The Efficiency of Viral Transduction

Toledo et al. [17] reported that a temporary disruption of tight junctions increased the accessibility of the adenoviral vector to the basolateral surface of the mammary epithelium where the Coxsackie adenovirus receptor (CAR) was supposed to be located. In our results, the higher levels of rhNGF-β in the EGTA-permeated mammary glands may be a consequence of both a greater number of transduced cells and a greater number of viral copies per cell. The temporary disruption of tight junctions mediated by EGTA could give more adenoviruses the chance to infect the mammary epithelial cells. At the same time, each of the epithelial cells has a chance to be infected by lots of adenoviruses. Therefore, the yield of rhNGF-β from the mammary glands infused with PBS-containing EGTA is higher than the counterpart from the mammary glands infused with PBS devoid of EGTA.
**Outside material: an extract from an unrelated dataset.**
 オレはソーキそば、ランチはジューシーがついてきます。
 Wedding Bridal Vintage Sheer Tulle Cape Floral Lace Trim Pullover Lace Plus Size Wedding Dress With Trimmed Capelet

The Relative Merits of Using Adenovirus

Recombinant adenoviruses provide a versatile system for gene expression studies and therapeutic applications. One of the main advantages of adenoviral vector is their ability to replicate at high titers in complementing cell lines. As stated above, the titer of recombinant adenoviruses is related to the efficiency of infection. A moderated titer of recombinant adenoviruses in high level would improve the efficiency of infection. Another advantage of adenoviral vector is that the transgene expression is not controlled by the host genome for their nonintegrative nature. Thus, the expression of the heterologous gene could be carried out once the chimeric genome (heterologous gene sequences and vector host genome sequences) is present in host cells. Therefore, the adenovirus was used as the vector to transduce hNGF-β gene in our experiments.
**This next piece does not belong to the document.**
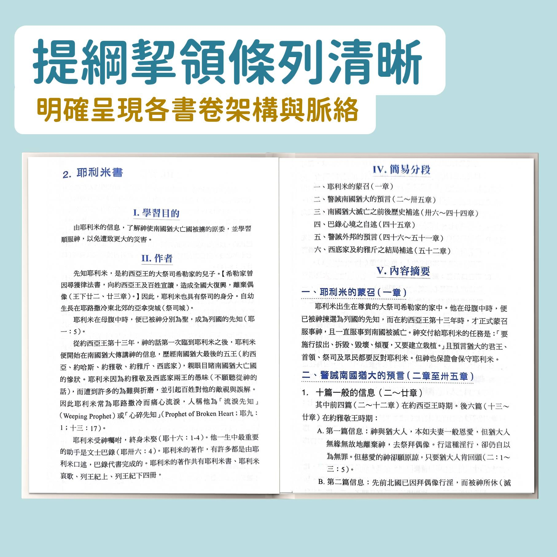提綱挈領條列清晰:逐章解析學習目的、作者簡介、背景說明、簡易分段、內容摘要、書卷特色、中心思想等,明確呈現各書卷架構與脈絡。

In the course of our experiments, the level of rhNGF-β was dropped gradually. This drop of the expression level was also observed in other reports [1517]. One of the reasons could be that this kind of recombinant adenovirus only has a one-time ability of infection in normal cells and it could not produce progeny viruses for another infection; with the metabolism of epithelial cells, the infected cells are less and less, and then the expression level of rhNGF-β is correspondingly dropped. Another reason could be that the immune system of the goats precludes the reinfection of adenoviruses. With the immune reaction of host, the quantity of the infected mammary epithelial cells is reduced. Thus, the expression level of rhNGF-β is correspondingly dropped. Toledo et al. [17] did the viral re-administration experiments, but no target protein was obtained; this might be because the immune system of the goats precludes the infection of adenovirus. Therefore, further studies should be required to elucidate the exact mechanisms through which the immune system precludes a successful viral re-administration in the mammary gland. This knowledge is very important to design new strategies aimed to improve viral re-inoculation allowing for the repeated use of the same animals.

All in all, we successfully expressed rhNGF-β with the properties of native hNGF-β in the milk of goats. Although the maximal level of rhNGF-β expressed in the milk only achieved 196.8 mg/l which is lower than that expressed in the milk from transgenic rabbits [22], the yield of rhNGF-β from the milk of goats are much higher than that from rabbits. Furthermore, the rhNGF-β could be obtained simultaneously from many goats infused with recombinant adenoviruses. These results demonstrate that the mammary gland of goats is a potential source of producing considerable rhNGF-β with the properties of native hNGF-β. The expression of rhNGF-β in the milk of goats confirmed that direct transduction of recombinant adenovirus into the mammary epithelial cells could be a suitable alternative for producing recombinant proteins of biopharmaceutical interest.